Predicting malignant nodules by fusing deep features with classical radiomics features

Lung cancer has a high incidence and mortality rate. Early detection and diagnosis of lung cancers is best achieved with low-dose computed tomography (CT). Classical radiomics features extracted from lung CT images have been shown as able to predict cancer incidence and prognosis. With the advancement of deep learning and convolutional neural networks (CNNs), deep features can be identified to analyze lung CTs for prognosis prediction and diagnosis. Due to a limited number of available images in the medical field, the transfer learning concept can be helpful. Using subsets of participants from the National Lung Screening Trial (NLST), we utilized a transfer learning approach to differentiate lung cancer nodules versus positive controls. We experimented with three different pretrained CNNs for extracting deep features and used five different classifiers.
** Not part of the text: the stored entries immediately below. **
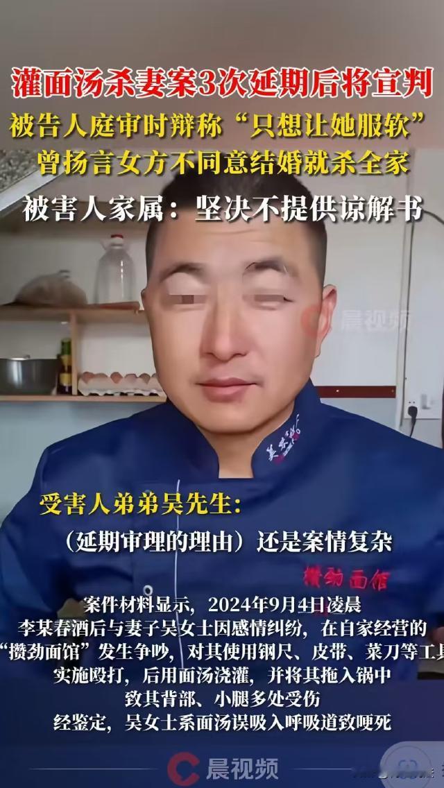 陕西渭南,男子和妻子发生争执,凌晨时分男子用皮带、钢尺、菜刀等殴打妻子,还将她按进六七十度的煮面锅里致死。案发后男子狡辩称,他没有家暴,只是喝多断片了想让妻子服个软。可据检测,男子血液酒精含量仅为37mg/100ml。 据潇湘晨报.晨视频报道,本月12号,本案即将迎来宣判。 据被害人吴女士的家属称,吴女士2岁时丧父,后来随母亲改嫁。 从小到大,吴女士一直因为没有亲生父亲被人嘲笑歧视,童年的经历,养成了她胆小怯弱的性格。 和被告李某认识后,吴女士的父母觉得李某不像善茬,不同意他们结婚,可吴女士执意和李某在一起。 后来,家属才知道,李某曾威胁吴女士,如果吴女士不嫁给他,他就杀了吴女士全家。吴女士害怕之下,不敢不答应。 婚后,李某经常对吴女士大打出手,附近邻居和食客多次目睹或听到李某殴打吴女士,但因为是别人的家事,他们并不好插手。 与此同时,吴女士从来没有对家人说过自己的困境,和家里一直都是报喜不报忧,家人一直认为她过的不错。 2024年8月底,吴女士曾和李某闹过离婚,可是因为家属一直劝和,最后婚没离成,李某带吴女士去旅游了两天,两人又和好了。 可没过几天,9月4日凌晨,李某和吴女士又因为感情问题吵了起来,李某一怒之下用菜刀、皮带、钢尺等对吴女士进行了殴打。 打完后李某觉得不解气,又将吴女士拖到外面半人高的煮面条大锅旁边,将吴女士提起来按到了面条汤里。 当时天气还比较热,面馆虽然已经打烊有一阵了,但锅里的面条汤温度还有最少六七十度。 吴女士被按进锅里后吸入了不少面条汤,连连咳嗽,不多久,就因为面汤误吸入呼吸道导致梗死。 据吴女士的母亲称,案发当天凌晨,3点多钟她接到了李某的电话,称他和吴女士吵架了,5点多,李某再次打电话来,称她女儿已经不行了。 案发后,李某辩解他当时喝醉断片了,但经酒精检测,李某的血液酒精含量仅为37mg/100ml。 李某称,他没想要吴女士的命,只是吓唬吓唬她,让她对自己服个软。 不久,李某因涉嫌故意杀人罪被提起公诉。 庭审时,李某否认自己家暴,还自称一直对吴女士非常好,和她感情很好。 李某不承认自己有杀害妻子吴女士的故意,为什么仍被控故意杀人罪? 故意杀人罪要求行为人主观上具有非法剥夺他人生命的故意,主观故意又包括直接故意和间接故意。 直接故意是指行为人明知自己的行为必然或者可能发生危害社会的结果,并且希望这种结果的发生。 虽然李某辩称只是想让吴女士服软,并非要其性命,但从他的行为细节来看,存在直接故意的可能性。 李某使用皮带、钢尺、菜刀等工具对吴女士进行殴打,这些工具具有较强的伤害性。菜刀作为一种锋利的刀具,在一般认知中,如果使用不当很容易对他人身体造成严重甚至致命的伤害。 李某选择使用这些工具实施暴力,说明他对可能造成吴女士身体严重损伤的结果是有认知的。 并且,李某在殴打过程中,持续使用多种工具,显示出其行为的主动性和攻击性,这种积极的暴力行为有可能反映出他内心希望通过这种激烈的方式来达到控制甚至伤害吴女士的目的,存在追求危害结果发生的直接故意心理。 间接故意是指行为人明知自己的行为可能发生危害社会的结果,并且放任这种结果的发生。 李某将吴女士按进六七十度的煮面锅里这一行为,更符合间接故意的特征。 李某作为一个具有正常认知能力的人,应当清楚六七十度的高温液体对人体的伤害性,尤其是将人按进这样的液体中,极有可能导致严重的烫伤甚至危及生命。 李某在实施将吴女士按进锅里的行为时,虽然可能没有明确追求吴女士死亡的结果,但他对这种可能导致死亡的结果采取了放任的态度。 他不顾吴女士的安危,依然实施该行为,表明他对吴女士生命安全的漠视,在主观上已经对可能出现的死亡结果持一种听之任之的态度。 根据《刑法》第十四条规定:明知自己的行为会发生危害社会的结果,并且希望或者放任这种结果发生,因而构成犯罪的,是故意犯罪。 李某的行为无论是从直接故意的可能性,还是间接故意的明显特征来看,都符合故意犯罪的构成要件。 根据《刑法》第二百三十二条规定:故意杀人的,处死刑、无期徒刑或者十年以上有期徒刑;情节较轻的,处三年以上十年以下有期徒刑。 李某的行为完全符合故意杀人罪的构成要件,并最终导致吴女士因面汤误吸入呼吸道梗死死亡的结果,他被控故意杀人罪是有充分的法律依据的。 李某所谓的喝多断片、只是吓唬吴女士等辩解,在其行为所反映出的主观故意面前,难以成立。
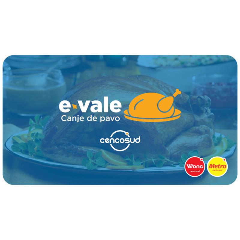 Incluye una tarifa de servicio destinada a cubrir gastos administrativos de la marca, materiales, capacitaciones y mejoras tecnológicas, garantizando la mejor experiencia con tu gift card. Este vale de pavo de 8 kilos es válido para canjear en tiendas Wong y Metro, ofreciéndote una opción práctica y conveniente para tus compras de temporada.Válido en tiendas físicas Metro y Wong a nivel nacional, no válido para canal online, fonocompras ni concesionarios. E-vale al portador, la empresa no se responsabiliza de pérdida, robo o mal uso, por lo que no se emiten duplicados.La vigencia de Gift Card está detallada en el documento que enviaremos a su buzón de correo. Para evitar inconvenientes, les recomendamos revisarlo y hacer uso de su saldo dentro del período indicado, no se permiten ampliaciones. El cliente debe consumir el valor total del vale. La vigencia de este vale no podrá ser canjeado por dinero en efectivo. El usuario deberá presentar en caja el E-vale desde su celular o impreso, junto con su DNI y firmar el voucher de la compra. Consulta locales disponibles en https://www.giftealo.com/GiftealoWeb/locales
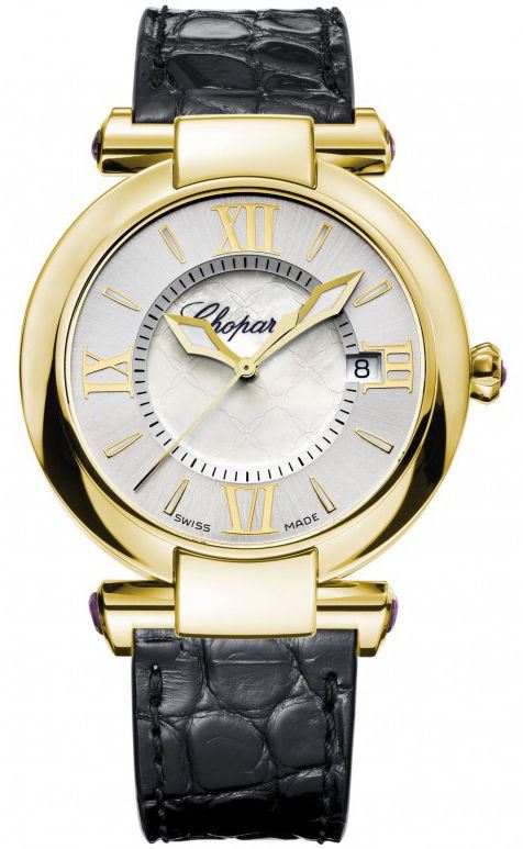 Model: 384221-0001 - CASE = [Material:18kt Yellow Gold], [Case Diameter:36], [Case Thickness:9mm], [Case Back:Solid], [Water Resistant:50 Meters - 150 Feet], [Crystal:Scratch Resistant Sapphire], DIAL = [Color:Silver], MOVEMENT = [Type:Battery Powered Quartz], BAND = [Clasp:Tang Buckle], [Type:Alligator/Crocodile Leather Black], (Usually ships in 1 to 2 weeks.)
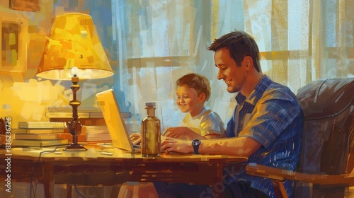Fatherhood and remote business. Happy young single dad working at home while kids plays next to him

Experiments were also conducted with deep features from different color channels of a pretrained CNN. Selected deep features were combined with radiomics features. A CNN was designed and trained. Combinations of features from pretrained, CNNs trained on NLST data, and classical radiomics were used to build classifiers. The best accuracy (76.79%) was obtained using feature combinations. An area under the receiver operating characteristic curve of 0.87 was obtained using a CNN trained on an augmented NLST data cohort.